Research at recent conference highlights issues of co-infection
HSV-2 infection is an important dynamic in HIV transmission and progression: according to the Centers for Disease Control and Prevention, genital ulcers from HSV allow easier entry of fluids that carry HIV, and the inflammation caused by outbreaks attracts an abundance of the cells that HIV targets. Also, HIV transmission is more likely to occur from those also infected with HSV-2.
This symbiotic relationship has led to a surfeit of studies on the interaction between HSV-2 and HIV, including the impact treating one virus may have on the other. A wealth of new research was presented at the July 2011 International AIDS Society (IAS) Conference on HIV Pathogenesis, Treatment, and Prevention in Rome, a sampling of which is summarized below. You can search and download abstracts and presentations from the conference online.
- Data from Uganda offer more evidence that HSV-2 daily suppressive therapy with acyclovir also slows HIV disease progression. Researchers from the U.S. and Africa randomized 440 subjects infected with both HSV-2/HIV-1, and not receiving treatment for HIV, to receive either suppressive therapy with acyclovir or placebo. At 24 months of follow-up HIV disease progression among those in the treatment group was reduced by 27%, with the most dramatic effect among participants who entered the study with high HIV viral loads.

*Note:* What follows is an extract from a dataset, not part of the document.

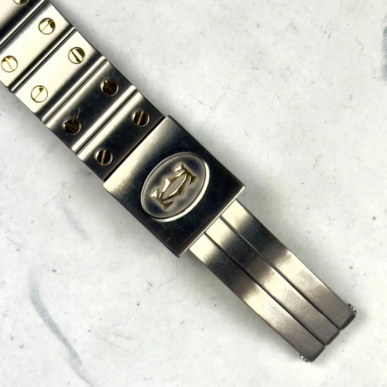 Produite dans les années 1990-2000, elle reflète parfaitement l’élégance Cartier de l’époque, mêlant finesse, complications discrètes et style parisien assumé. Aujourd’hui, cette version est très recherchée pour sa rareté et sa personnalité unique.

- To assess and compare the impact of acyclovir and another HSV antiviral, valacyclovir, medications in reducing plasma levels of HIV, researchers conducting trials in Kenya enrolled 32 HIV-1/HSV-2 infected subjects who were given either the standard suppressive dose of acyclovir (400 mg twice daily) or 1.5 g of valacyclovir twice daily. Valacyclovir is a prodrug that converts to acyclovir after absorption into the system, and the dose recommended in the 2010 STD Treatment Guidelines for suppressive therapy calls for up to 1g daily. Subjects were randomized to receive either regimen for 12 weeks, with two weeks of no treatment followed by 12 weeks of the alternative regimen. HIV plasma levels were assessed weekly using PCR serology. The valacyclovir regimen led to a 76% decrease in mean HIV-1 plasma levels (by 0.62 log10 copies/mL). Also, HIV was undetectable in 13.5 % of weeks during the valacyclovir arm (fewer than 40 copies/mL), compared with only 3.2% with acyclovir. The authors say these results point to the need for more research to examine the potential of high-dose HSV-2 suppressive therapy in slowing HIV disease progression.

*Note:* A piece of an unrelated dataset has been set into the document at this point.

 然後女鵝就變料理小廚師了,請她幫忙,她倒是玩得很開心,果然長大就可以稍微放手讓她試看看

- Suppressive therapy with valacyclovir was also effective in reducing breast milk and plasma levels of HIV in postpartum women co-infected with HSV-2/HIV-1. Compared to those in a placebo group, the risk of detecting HIV in breast milk of women who received twice-daily doses of valacyclovir was 30% lower at six weeks after giving birth, and 46% lower at 14 weeks. At six months, plasma levels of HIV were also lower among those in the treatment group. While there was no difference in this study in mother to child transmission rates (the women were all on HIV antiretroviral therapy) the authors say that given HIV levels in plasma and breast milk are ”…important predictors of postnatal mother-to-child HIV-1 transmission…” valacyclovir “…could be a useful adjunct with short-course antiretrovirals in resource-limited settings” a point that hits home given that valacyclovir is relatively inexpensive drug.
The Role of STD Detection and Treatment in HIV Prevention - CDC Fact Sheet.

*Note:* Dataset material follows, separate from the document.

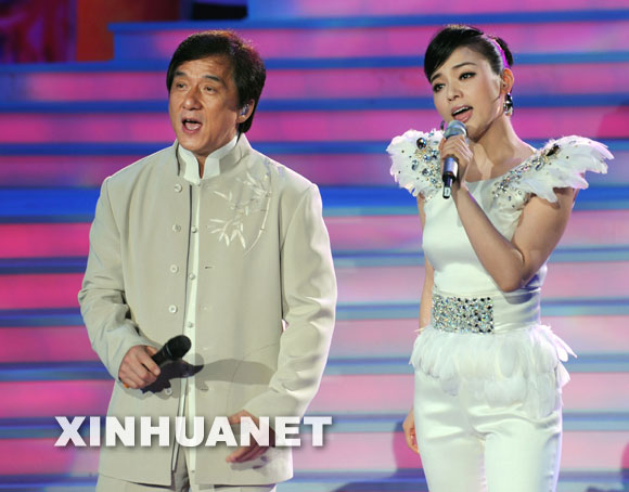10月31日,陳思思(右)與成龍在演唱會上表演。新華社發(fā)(吳景騰 攝)

Mugwanya K, Baet ugo N, Irungu E, Ngure K, Celum C. High-dose valacyclovir suppressive therapy results in greater reduction in plasma HIV-1 levels compared to standard dose acyclovir suppression among HIV-1/HSV-2 co-infected persons: a randomized, open-label, crossover trial. Poster presented at: 6th IAS Conference on HIV Pathogenesis, Treatment, and Prevention; July 17-20, 2011; Rome, Italy. Poster WEPDB0106.
Drake A, Roxby A, Ongecha-Owuor F, Kiarie J, Wald A, John-Stewart G, et al. Valacyclovir suppression reduces breast milk and plasma HIV-1 RNA postpartum: results of a randomized clinical trial. Oral presentation at: 6th IAS Conference on HIV Pathogenesis, Treatment, and Prevention; July 17-20, 2011; Rome, Italy. Abstract MOAC0201.
Reynolds S, Makumbi F, Kiwanuka N, Newell K, Ssebbowa P, Ssempijja V, et al. Impact of HSV-2 suppressive therapy with daily acyclovir on HIV-1 disease progression: a randomized placebo-controlled trial in Rakai, Uganda. Oral presentation at: 6th IAS Conference on HIV Pathogenesis, Treatment, and Prevention; July 17-20, 2011; Rome, Italy. Abstract TUAB0104.